[Task instructions]:
Under this line sits a listing. Repeat exactly and only its lines from the one holding "Budowa zajezdni tramwajowej" through the one holding "Roach Racing Club"; skip pictures.

[Dataset content]:
[Start of Attachment]
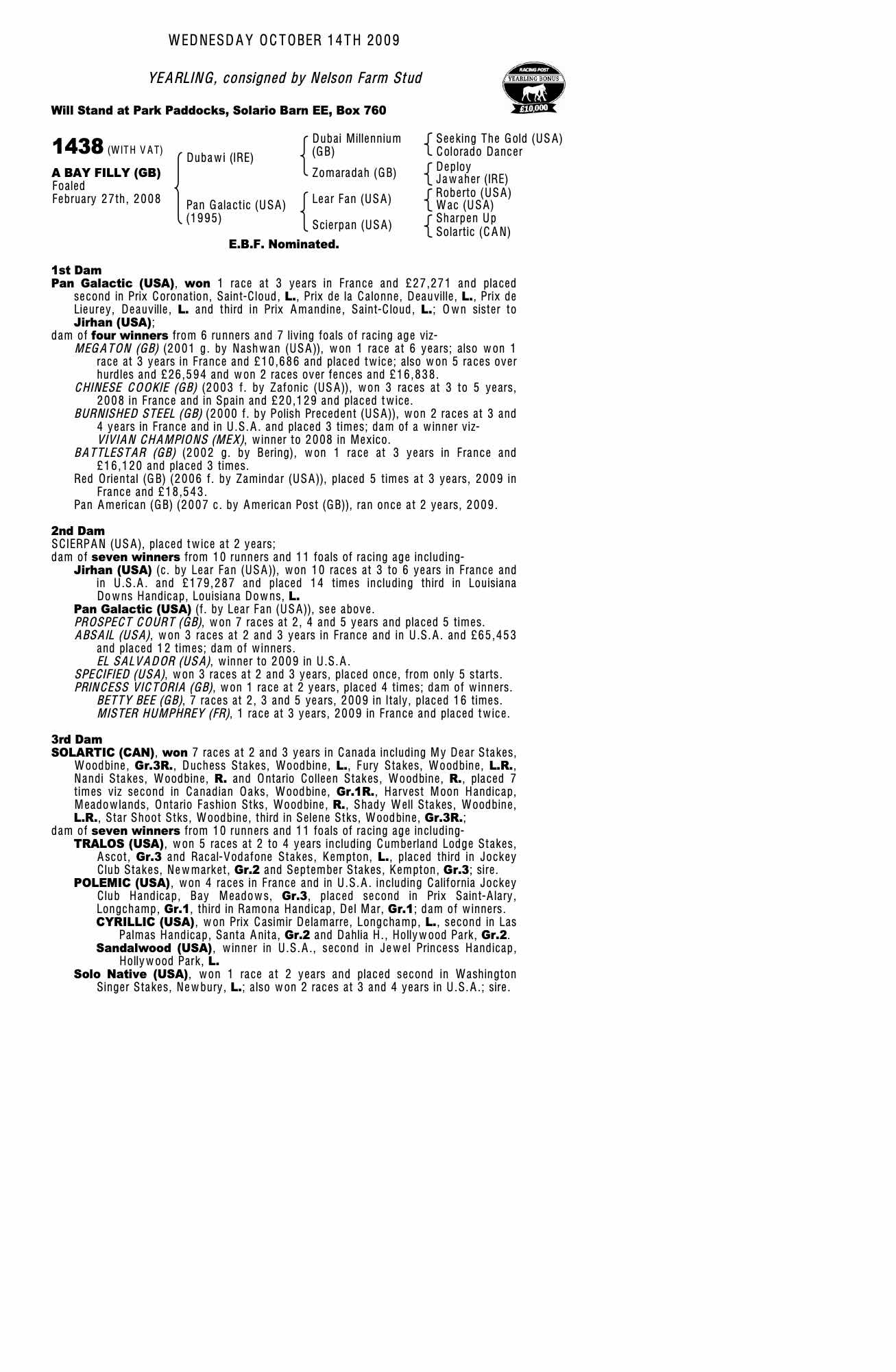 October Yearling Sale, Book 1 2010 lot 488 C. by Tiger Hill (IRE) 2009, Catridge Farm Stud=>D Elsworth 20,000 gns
[End of Attachment]
[Start of Attachment]
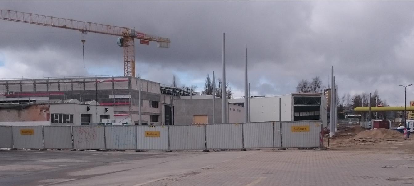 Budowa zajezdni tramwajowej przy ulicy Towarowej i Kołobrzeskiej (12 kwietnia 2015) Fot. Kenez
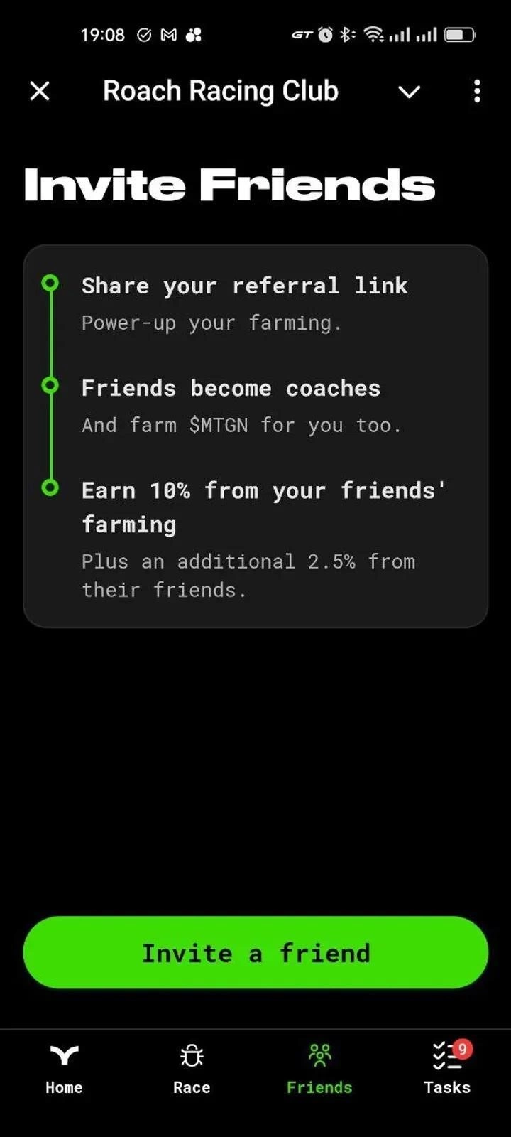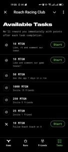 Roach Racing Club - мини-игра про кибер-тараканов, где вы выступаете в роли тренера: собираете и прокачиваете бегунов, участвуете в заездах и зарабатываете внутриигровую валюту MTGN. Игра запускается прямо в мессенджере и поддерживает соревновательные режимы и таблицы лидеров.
[End of Attachment]
[Start of Attachment]
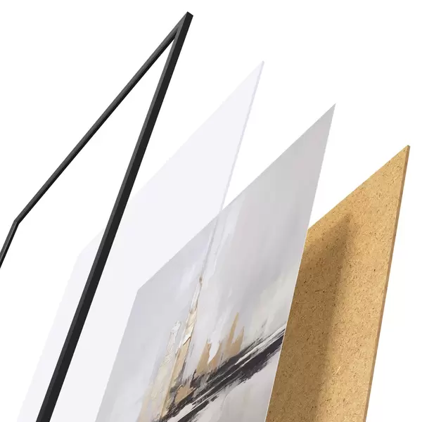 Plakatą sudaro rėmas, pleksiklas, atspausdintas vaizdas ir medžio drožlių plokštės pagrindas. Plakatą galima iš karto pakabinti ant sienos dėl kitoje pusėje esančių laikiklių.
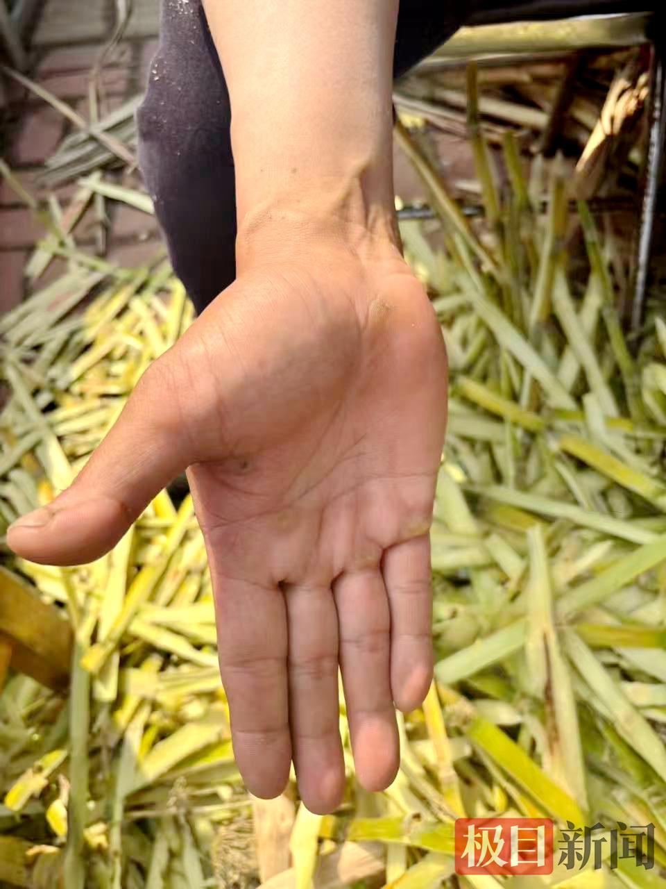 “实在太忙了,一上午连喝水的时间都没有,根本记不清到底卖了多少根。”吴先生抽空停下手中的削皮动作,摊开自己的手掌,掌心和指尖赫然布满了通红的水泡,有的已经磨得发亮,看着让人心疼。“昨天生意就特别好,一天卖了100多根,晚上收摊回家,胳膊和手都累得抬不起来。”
[End of Attachment]
[Result]:
 Budowa zajezdni tramwajowej przy ulicy Towarowej i Kołobrzeskiej (12 kwietnia 2015) Fot. Kenez
 Roach Racing Club - мини-игра про кибер-тараканов, где вы выступаете в роли тренера: собираете и прокачиваете бегунов, участвуете в заездах и зарабатываете внутриигровую валюту MTGN. Игра запускается прямо в мессенджере и поддерживает соревновательные режимы и таблицы лидеров.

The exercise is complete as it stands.